▶ **AIM OF THE TASK**
Look in the listing below for the line that has "ICY BOX IB-2914MSCL-C31", then return it and each following line up to and including the one with "图为1950年中央人民政府任命喻杰为西北军政委员会贸易部部长的任命书", exactly and without pictures.

##### DATA SHOWN

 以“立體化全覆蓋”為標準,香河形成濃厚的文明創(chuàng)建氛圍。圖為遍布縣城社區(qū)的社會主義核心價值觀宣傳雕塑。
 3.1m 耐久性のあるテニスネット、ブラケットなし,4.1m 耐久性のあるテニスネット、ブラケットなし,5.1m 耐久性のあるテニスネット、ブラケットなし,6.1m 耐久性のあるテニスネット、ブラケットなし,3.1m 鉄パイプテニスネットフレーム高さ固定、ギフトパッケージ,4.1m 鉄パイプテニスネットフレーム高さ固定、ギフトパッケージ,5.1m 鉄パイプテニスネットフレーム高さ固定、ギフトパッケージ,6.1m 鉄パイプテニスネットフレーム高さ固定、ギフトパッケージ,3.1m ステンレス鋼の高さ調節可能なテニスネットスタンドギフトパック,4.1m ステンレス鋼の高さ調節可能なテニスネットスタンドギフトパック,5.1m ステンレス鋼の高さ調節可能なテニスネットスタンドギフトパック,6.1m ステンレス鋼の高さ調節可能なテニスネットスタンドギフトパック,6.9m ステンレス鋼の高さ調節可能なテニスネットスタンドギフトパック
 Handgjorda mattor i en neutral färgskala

##########
##### DATA SHOWN

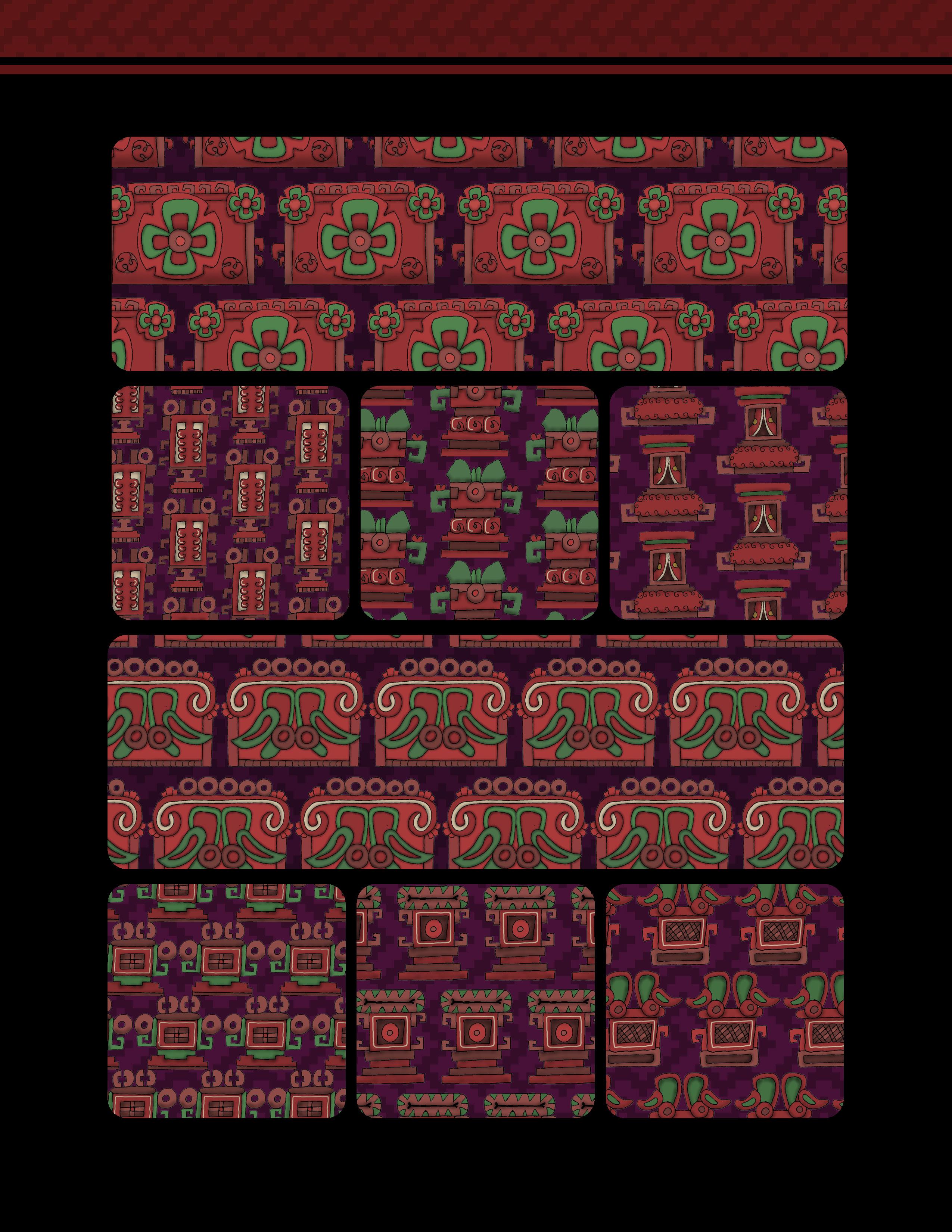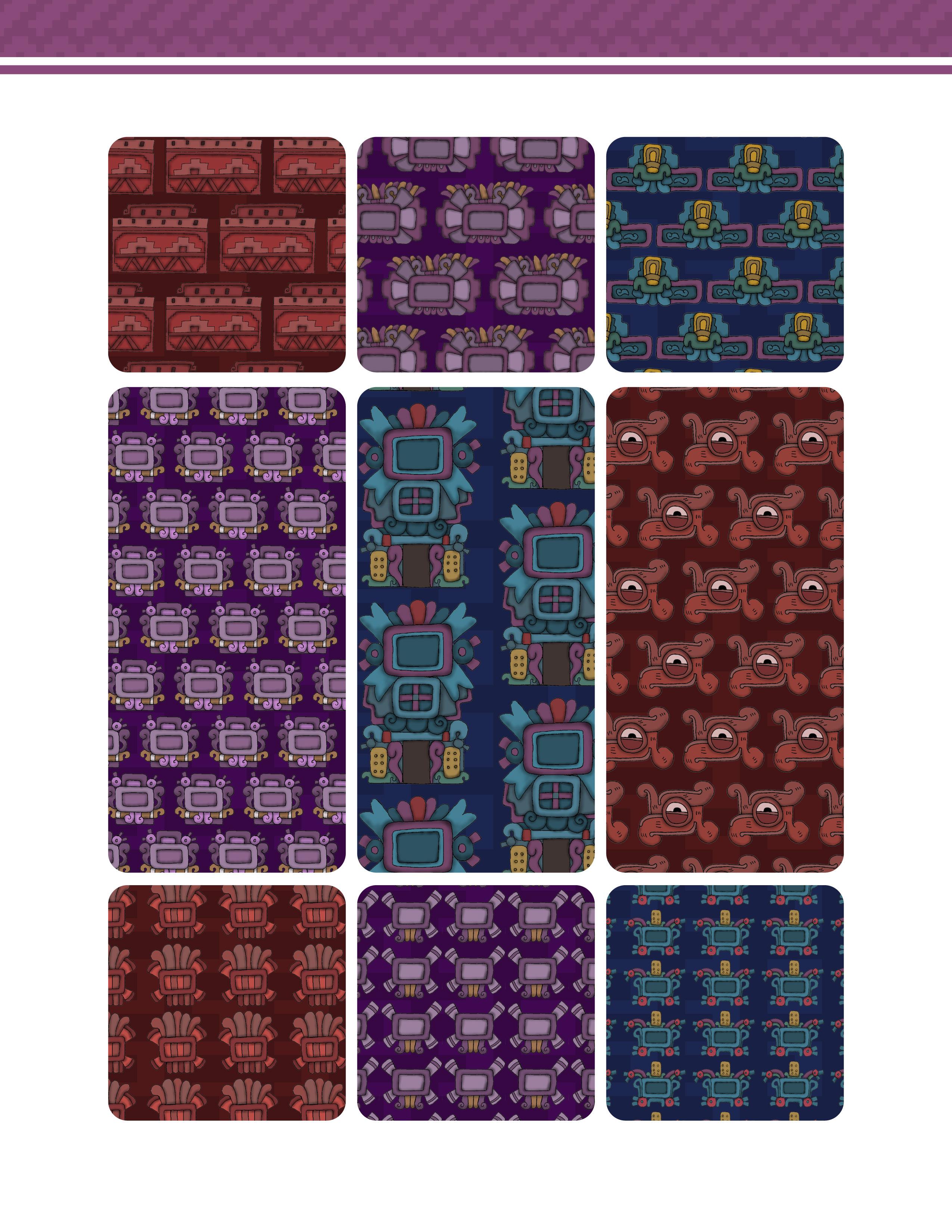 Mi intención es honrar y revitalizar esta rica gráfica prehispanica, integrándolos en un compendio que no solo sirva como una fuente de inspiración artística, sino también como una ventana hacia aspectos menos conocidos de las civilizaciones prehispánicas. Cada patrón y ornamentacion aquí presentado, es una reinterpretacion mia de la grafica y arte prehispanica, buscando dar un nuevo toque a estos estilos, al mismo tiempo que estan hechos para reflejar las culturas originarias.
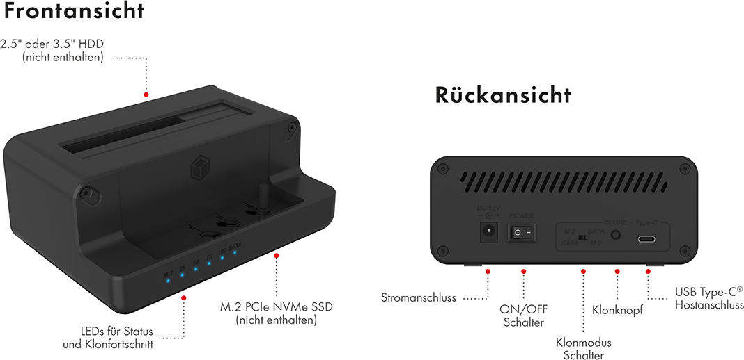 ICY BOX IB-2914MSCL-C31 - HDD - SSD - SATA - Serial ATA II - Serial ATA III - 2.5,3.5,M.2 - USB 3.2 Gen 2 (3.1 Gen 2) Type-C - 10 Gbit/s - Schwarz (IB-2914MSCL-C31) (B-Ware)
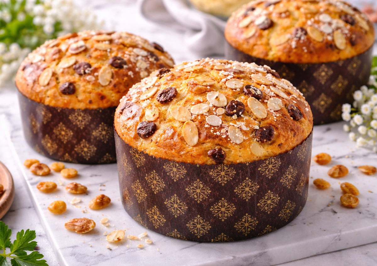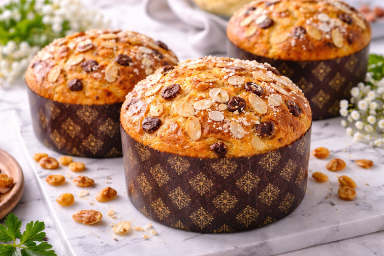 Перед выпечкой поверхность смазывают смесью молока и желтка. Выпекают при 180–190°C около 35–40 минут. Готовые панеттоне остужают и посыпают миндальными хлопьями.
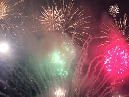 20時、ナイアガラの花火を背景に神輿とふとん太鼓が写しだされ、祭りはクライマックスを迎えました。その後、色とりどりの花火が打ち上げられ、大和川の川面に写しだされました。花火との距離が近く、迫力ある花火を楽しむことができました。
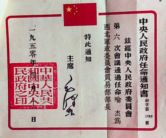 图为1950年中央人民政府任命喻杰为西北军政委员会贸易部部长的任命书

##########

▶ **ANSWER FOR THIS EXERCISE**
 ICY BOX IB-2914MSCL-C31 - HDD - SSD - SATA - Serial ATA II - Serial ATA III - 2.5,3.5,M.2 - USB 3.2 Gen 2 (3.1 Gen 2) Type-C - 10 Gbit/s - Schwarz (IB-2914MSCL-C31) (B-Ware)
 Перед выпечкой поверхность смазывают смесью молока и желтка. Выпекают при 180–190°C около 35–40 минут. Готовые панеттоне остужают и посыпают миндальными хлопьями.
 20時、ナイアガラの花火を背景に神輿とふとん太鼓が写しだされ、祭りはクライマックスを迎えました。その後、色とりどりの花火が打ち上げられ、大和川の川面に写しだされました。花火との距離が近く、迫力ある花火を楽しむことができました。
 图为1950年中央人民政府任命喻杰为西北军政委员会贸易部部长的任命书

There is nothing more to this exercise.